Collected data entries
───

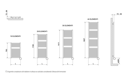 Scaldasalviette Termoarredo bagno bianco o colorato orizzontale SAMIRA CORDIVARI interasse 970 1170 - 1370 H 300 - 480-600 Venduto con i kit di fis...
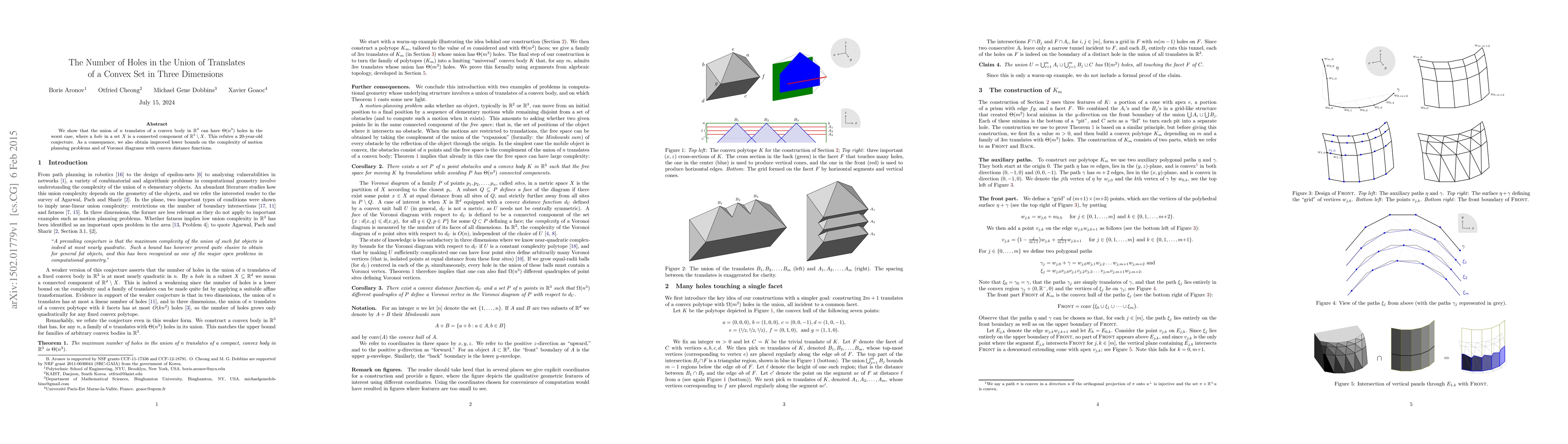 We show that the union of $n$ translates of a convex body in $\mathbb{R}^3$ can have $\Theta(n^3)$ holes in the worst case, where a hole in a set $X$ is a connected component of $\mathbb{R}^3 \setminus X$. This refutes a 20-year-old conjecture. As a consequence, we also obtain improved lower bounds on the complexity of motion planning problems and of Voronoi diagrams with convex distance functions.
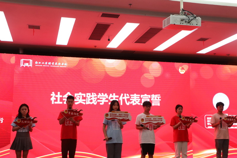 随后,俞位增为社会实践指导老师颁发聘书。电子商务学院姚艳蓉代表社会实践指导老师发言,分享了她的暑期社会实践工作经验和感悟。社会实践学生代表上台宣誓,他们将坚定理想信念,弘扬工商精神,牢记安全第一,恪守实践纪律,培育和践行社会主义核心价值观,以青春担当争取岗位建功,以青年风采奏响时代强音,以青春之我、奋斗之我谱写新时代的青春之歌。相关部门负责人、各学院党总支(副)书记等为即将出征的团队授旗。
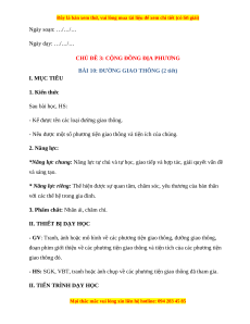 BÀI 10: ĐƯỜNG GIAO THÔNG (2 tiết) I. MỤC TIÊU 1. Kiến thức Sau bài học, HS:
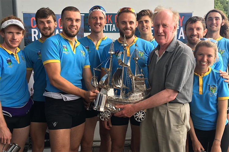 Pictured above: The UCD Boat Club team that won the Leander Trophy in 2017; (l-r) Tiarnan Doherty, Eoin Gleeson, Andrew Griffin, Eoghan O'Connor, Max Murphy (Stk), Ross Thompson, Martin Feeley (Coach), Niall Farrell, Orlagh Reid (Cox), Colm O'Riada
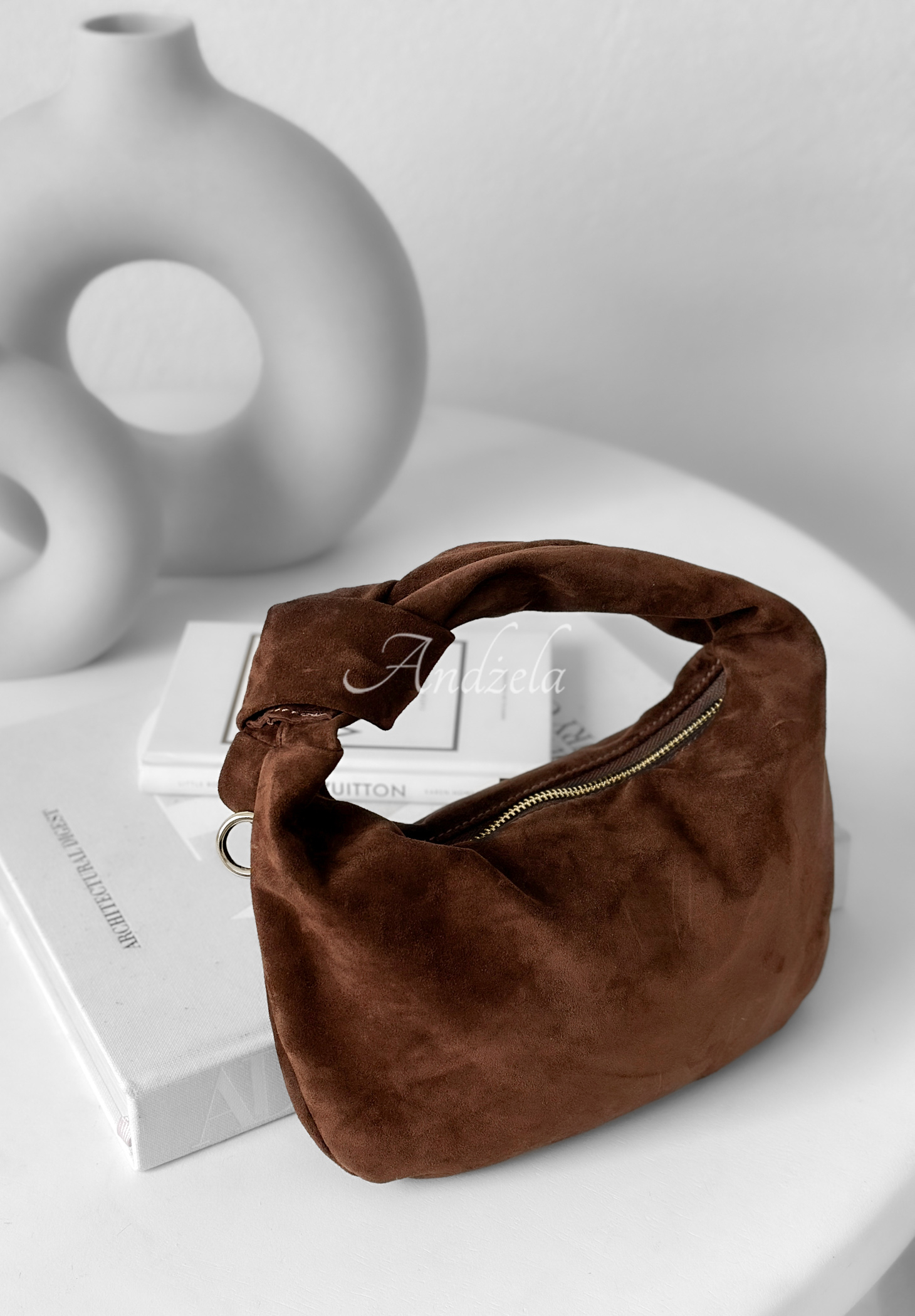 Semišová kabelka z vysoce kvalitní přírodní kůže. Jednokomorový model se zapínáním na zip. Má ucho, nastavitelný popruh a jednu vnitřní kapsu. Celek doplňují zlaté detaily.
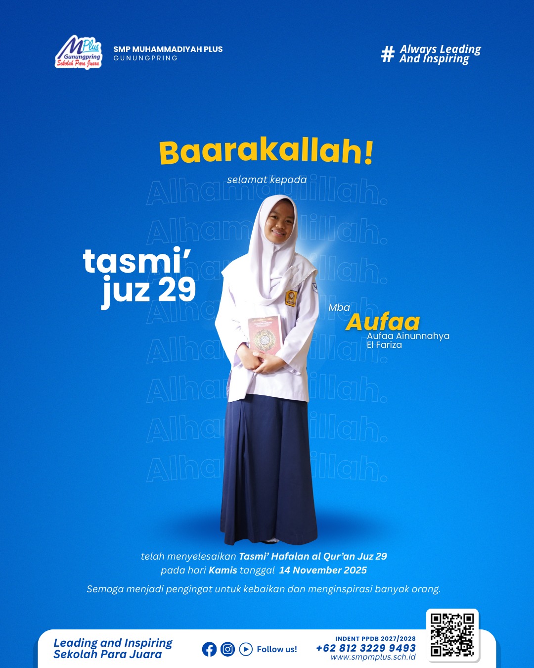 Gunungpring —Suasana haru, bangga, dan penuh syukur menyelimuti keluarga besar SMP Muhammadiyah Plus Gunungpring. Tiga siswa terbaik—Mas Kenneth, Mas Keindra, dan Mba Aufaa—telah menuntaskan Tasmi’ Hafalan Al-Qur’an Juz 29,...
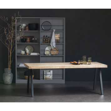 Het mango hout is afgewerkt met een lime wash finish, waardoor het mango hout een soort white wash laagje krijgt. Deze afwerking verbeterd de algehele uitstraling van het hout en benadrukt tegelijkertijd de schoonheid van de houtnerf. Het tafelblad heeft hierdoor een stoer en robuust uiterlijk met een lichte uitstraling.
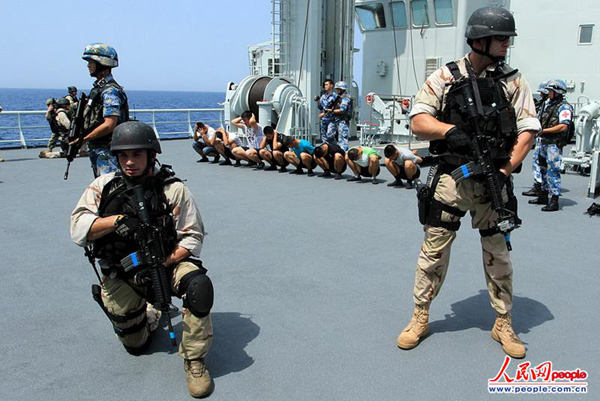 “Stop!Hand up!”舱面上的4名特战队员突然出击,将枪口对准“海盗”。
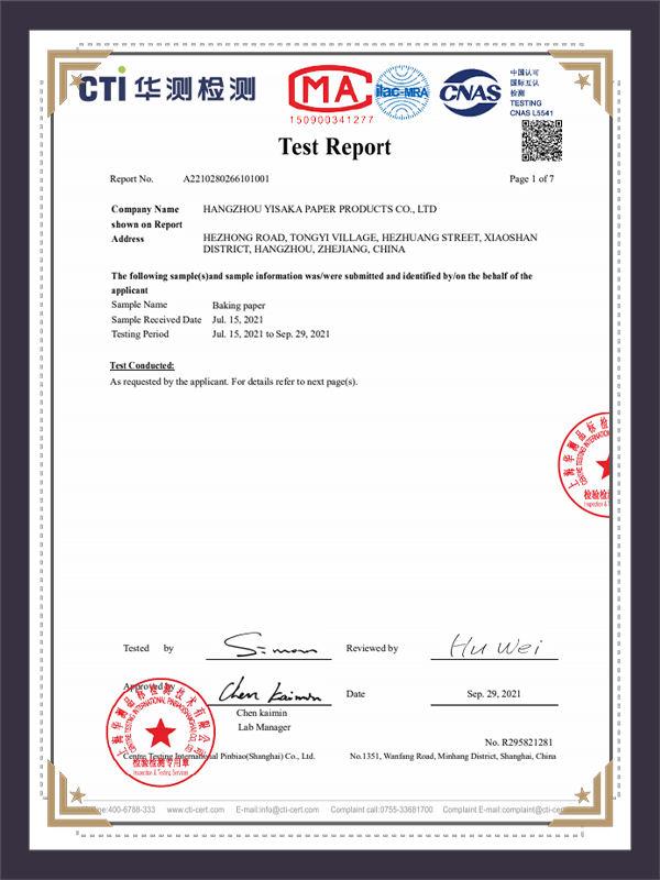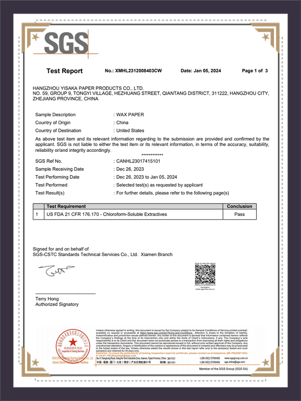 Tuarascáil Tástála Páipéar Wax Páipéar SGS
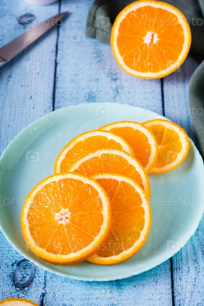 Свежий сочный нарезанный апельсин на тарелке на столе. Здоровая пища. Вертикальный вид

───

What you are asked to do:
Set down, word for word, only the lines running from the line with "Tuarascáil Tástála Páipéar Wax Páipéar SGS" through the final line of the entries above, omitting all pictures.

Expected answer:
 Tuarascáil Tástála Páipéar Wax Páipéar SGS
 Свежий сочный нарезанный апельсин на тарелке на столе. Здоровая пища. Вертикальный вид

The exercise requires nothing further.